I have followed this story with interest from the beginning -- engineering disasters are a fascinating and informative topic -- and the number and variety of terrible decisions are seemingly endless.
There is the story of the connector rings that held the end caps to the hull, not mentioned here, but a disaster waiting to happen all their own.
There were these two metal rings that connected the hull to the end caps, using epoxy, built for the first hull. When that hull was scraped to save money Rush reused them. Only problem was cleaning off that epoxy. There was no approved method of removing the epoxy such that the surface could be rebonded later. But Rush just had his engineers work out some way to scrape it off. So the seal on the rings was not based on any approved and tested bonding process. Worse still, the rings were not requalified for reuse, they were just reused as is without inspection or testing.
It gets worse. Much worse.
The rings were designed and fabricated for only one thing -- holding the caps on the hull. Rush got impatient with his sling recovery system and decided to lift the sub out of the water using hooks and lifting rings mounted on the sub. But there was no provision for mounting lifting rings on the sub. No problem, Rush had lifting rings welded to the hull cap rings.
Not only is just welding a couple of lifting rings to the cap ring a disqualifying alteration of the part simply by doing it, but the use of the hull cap bonding ring to lift the weight of the sub was just insane.
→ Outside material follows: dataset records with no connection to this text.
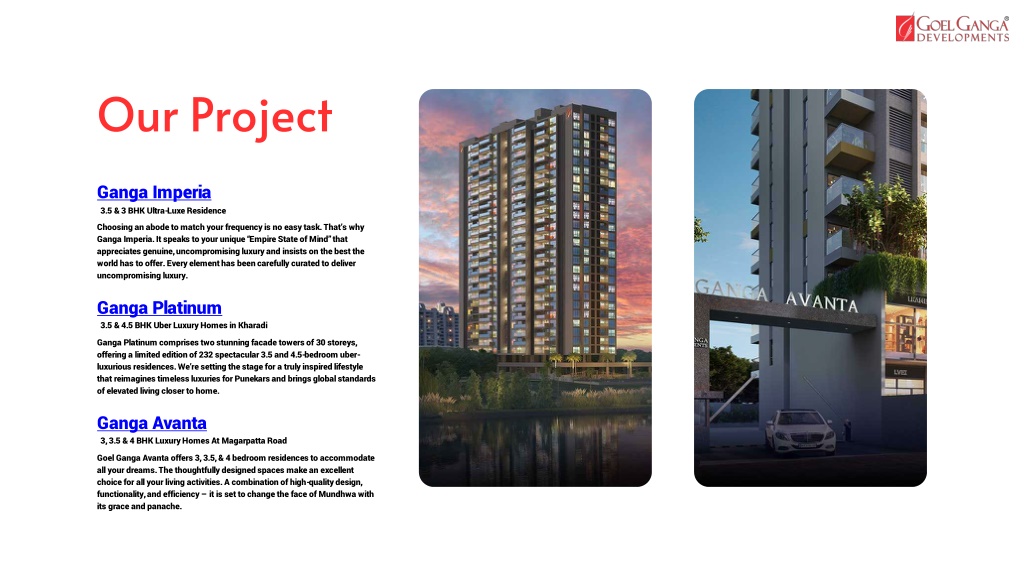 Our Project Ganga Imperia 3.5 & 3 BHK Ultra-Luxe Residence Choosing an abode to match your frequency is no easy task. That’s why Ganga Imperia. It speaks to your unique “Empire State of Mind” that appreciates genuine, uncompromising luxury and insists on the best the world has to offer. Every element has been carefully curated to deliver uncompromising luxury. Ganga Platinum 3.5 & 4.5 BHK Uber Luxury Homes in Kharadi Ganga Platinum comprises two stunning facade towers of 30 storeys, offering a limited edition of 232 spectacular 3.5 and 4.5-bedroom uber-luxurious residences. We’re setting the stage for a truly inspired lifestyle that reimagines timeless luxuries for Punekars and brings global standards of elevated living closer to home. Ganga Avanta 3, 3.5 & 4 BHK Luxury Homes At Magarpatta Road Goel Ganga Avanta offers 3, 3.5, & 4 bedroom residences to accommodate all your dreams. The thoughtfully designed spaces make an excellent choice for all your living activities. A combination of high-quality design, functionality, and efficiency – it is set to change the face of Mundhwa with its grace and panache.
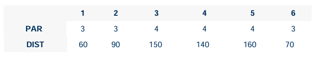 Carte de score du parcours 6 trous (repères de départ oranges)
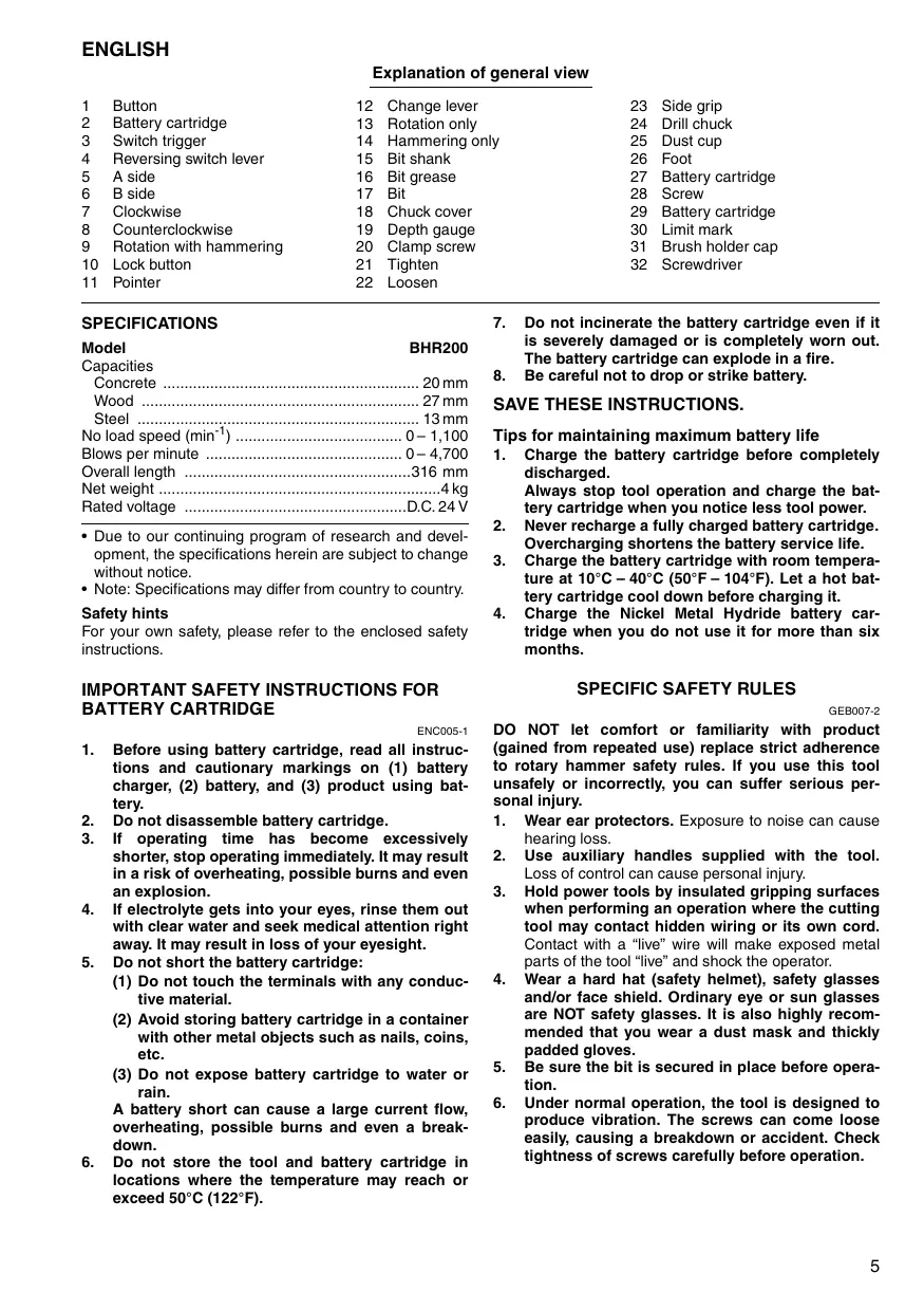 | 2 | Battery cartridge | 13 | Rotation only | 24 Drill chuck |
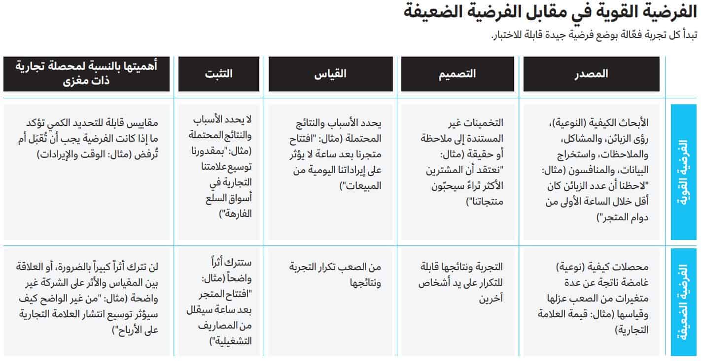إذا ما كنتم تريدون تحدّي الفرضيات بطريقة فعّالة، فلا بد من أن تُصاغ على هيئة فرضيات يمكن تأكيدها أو دحضها بطريقة كمية. "عندما تستطيعون قياس ما تتحدثون عنه والتعبير عنه بالأرقام، فإنكم تعرفون شيئاً عنه"، كما قال لورد كلفن، أحد أبرز الشخصيات العلمية والهندسية في القرن التاسع عشر. "أما عندما لا تكونون قادرين على قياسه، ولا تستطيعون التعبير عنه بالأرقام، فإن معرفتكم هي من النوع الرديء وغير المُرضي". (راجعوا الفقرة الجانبية التي تحمل عنوان "الفرضية القوية في مقابل الفرضية الضعيفة"). فالتجربة التي تُنتج براهين تناقض فرضية معيّنة تسمح لنا بالتعرف على الأخطاء الكامنة في طريقة تفكيرنا أو حكمنا على الأمور، وتعديل الفرضية، ومن ثم إعادة صياغتها بطريقة جديدة. وتقود هذه العملية التكرارية من الاختبار وإعادة التنقيح في نهاية المطاف إلى فرضيات أقوى.
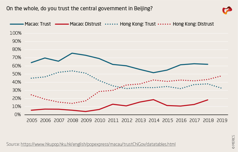 It seems unlikely, however, that Hongkongers will comply. Too much distinguishes the two SARs from one another: Unlike Hong Kong, pro-CCP groups have controlled and influenced Macau for over half a century. What's more, Macau’s citizens not only identify more strongly with the PRC but are also more trusting of Beijing.
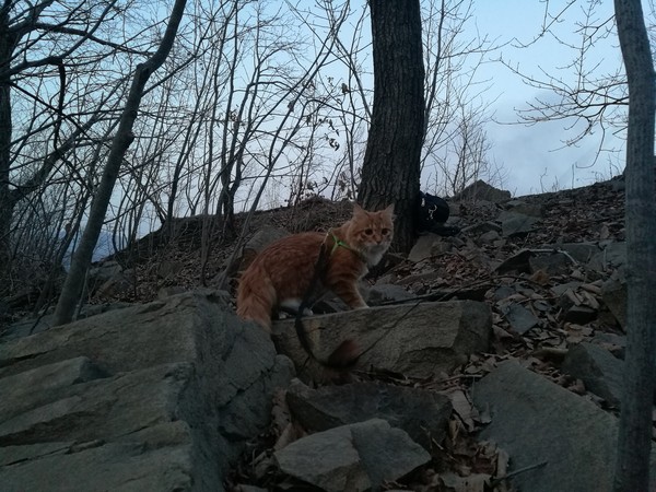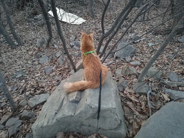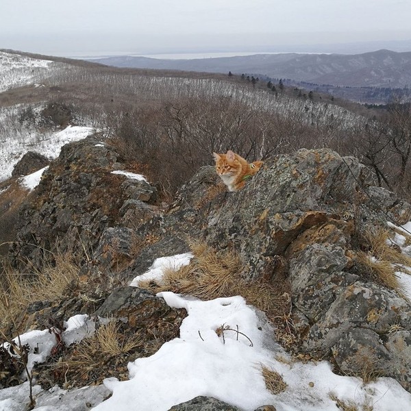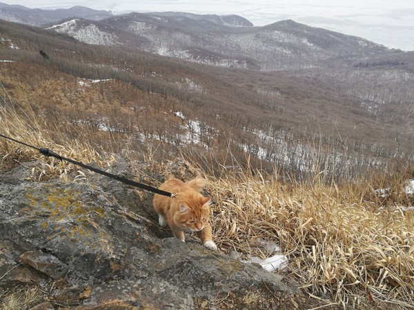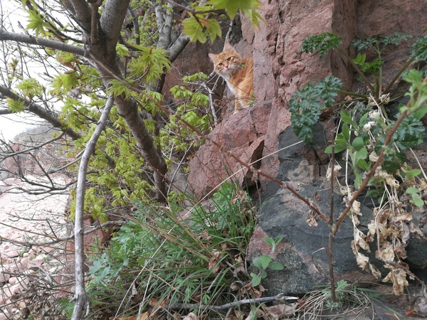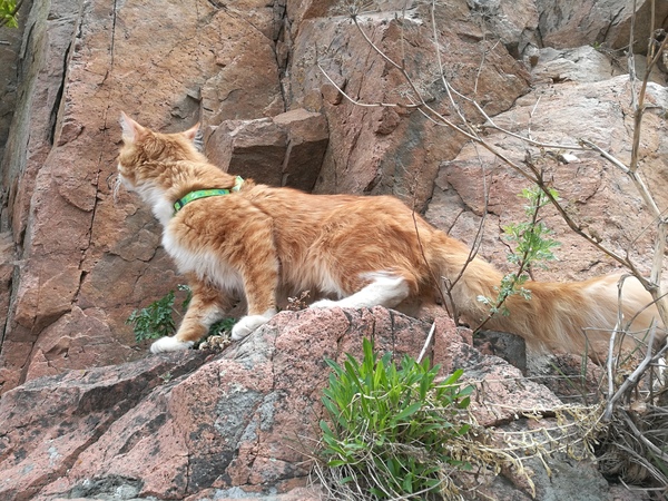 Первым делом после прибытия в пункт назначения, кот полез на свои любимые скалы! Лазил там около часа, потом уложился в свою сумку и уснул. Перед тем, как пошли обратно ещё немного попрыгал и погрыз пару веток.
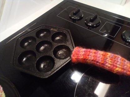 The biggest drawback to cast iron cookery is the handle heating up along with the pan. Luckily, handles are pretty standard in size, so here’s a pattern for a wool cover that makes it much easier to move the pan. Enjoy!
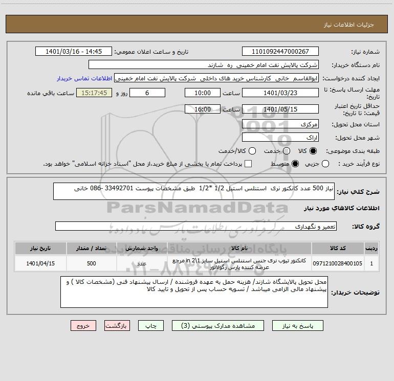 شرح کلی نیاز: نیاز 500 عدد کانکتور نری استنلس استیل 1/2 *1/2 طبق مشخصات پیوست 33492701 -086 خانی
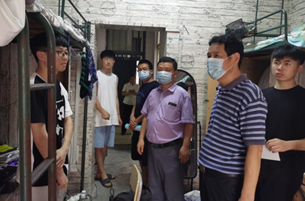 为确保秋季学期开学学生新冠肺炎疫情防控工作落到实处,及时了解学生返校后的思想动态和学习生活情况。8月26日下午,电子工程与智能制造学院党委书记江贵生、院党委副书记邹斌和专职辅导员深入学生宿舍走访调研。
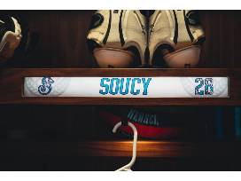 #17 Jaden Schwartz's Locker Nameplate from the Pride Game on April 9, 2022 versus the Calgary Flames.

There was a seemingly an unending series of defiantly stupid decisions being made. Every "breaking all the rules" move he made that did not immediately result in disaster justified in his mind breaking even more. As with the launch managers of the Space Shuttle with the cold O-ring problem, each launch in below guideline temperatures without a disaster justified launching at still colder temperatures. Keep this up and you will eventually find out exactly where disaster lies.